October 24, 2025 – Moscow, Russia
The Bank of Russia has slashed its key interest rate to 16.5%, marking the first monetary policy adjustment since new U.S. sanctions on Russian oil firms were imposed earlier this month. The move is designed to balance inflation control in Russia while supporting economic activity amid ongoing fiscal and geopolitical pressures.

Monetary Policy Easing Amid Economic Pressures
Governor Elvira Nabiullina explained that future Russia interest rate decisions will depend on the trajectory of inflation expectations and whether price stability in Russia can be achieved without fueling demand-driven pressures.
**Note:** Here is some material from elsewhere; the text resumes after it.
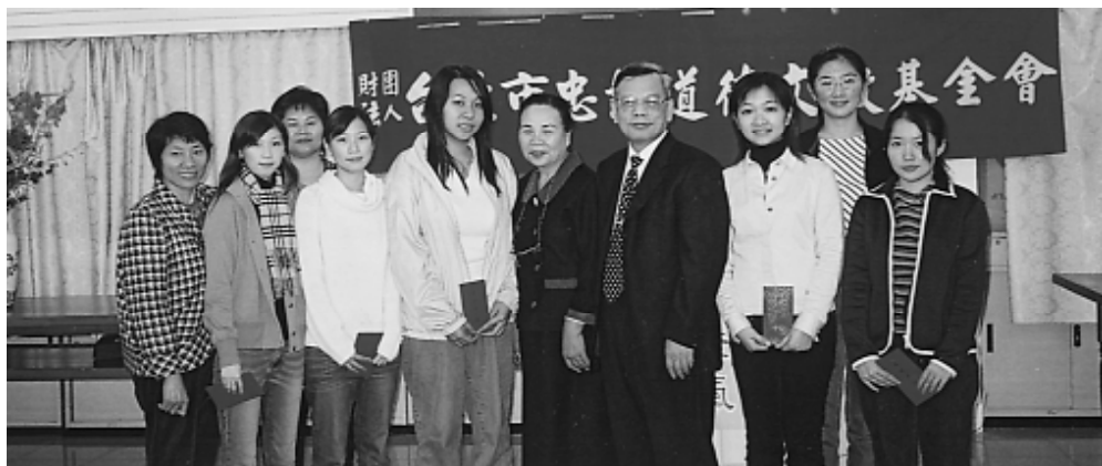
兩位點傳師(右四、五)與受獎同學、家屬代表們合影。

優良，本基金會尤其注重道德、品行；所以我們學業或許平平，但是道德一定要好，基金會每年都會舉辦此活動，以鼓勵同學向學、培養良好的品德，往後各位不妨介紹我們成績優秀的同學一齊來申請獎學金。」

The central bank confirmed that it would maintain tight monetary conditions until inflation reaches the official 4% target by 2026.
Despite the rate cut, policymakers emphasized that real interest rates in Russia remain restrictive. The bank forecasts rates will average 13–15% through 2026, reflecting a cautious approach to contain inflation while preventing a sharp slowdown in credit activity and growth.
Bank of Russia Inflation Forecast and Economic Outlook
The Bank of Russia inflation forecast for 2025 was revised upward to 6.5–7%, influenced by a proposed VAT hike in 2026 and ongoing supply disruptions from Ukrainian attacks on Russian refineries. Analysts suggest that while inflation risks in Russia persist, the central bank’s decision signals confidence in gradual economic stabilization.
Temporary factors such as rising fuel prices and seasonal food cost increases contributed to the inflation spike. As of October 20, cumulative inflation for 2025 had reached nearly 5%, with gas prices up 11.6% year-to-date.
Geopolitical Factors Driving Monetary Policy
The latest U.S. sanctions on Russian oil companies are expected to slow exports and reduce GDP growth to around 1% in 2025, down from 4.3% in 2024. Governor Nabiullina noted that sanctions targeting raw material exports present challenges but are historically manageable due to Russia’s adaptation mechanisms.
The Russia central bank budget rule remains a key stabilizing tool, absorbing price volatility through reserves in the National Welfare Fund.
Future Outlook and Policy Considerations
While businesses are calling for further rate cuts to stimulate investment, the central bank continues to exercise caution. Nabiullina emphasized that gradual rate easing in Russia is underway, and further reductions will depend on evolving economic conditions.
The Bank of Russia monetary policy remains focused on balancing inflation containment with support for economic activity amid sanctions and fiscal pressures. Analysts predict that monetary decisions over the coming months will continue to adapt to global and domestic economic shifts.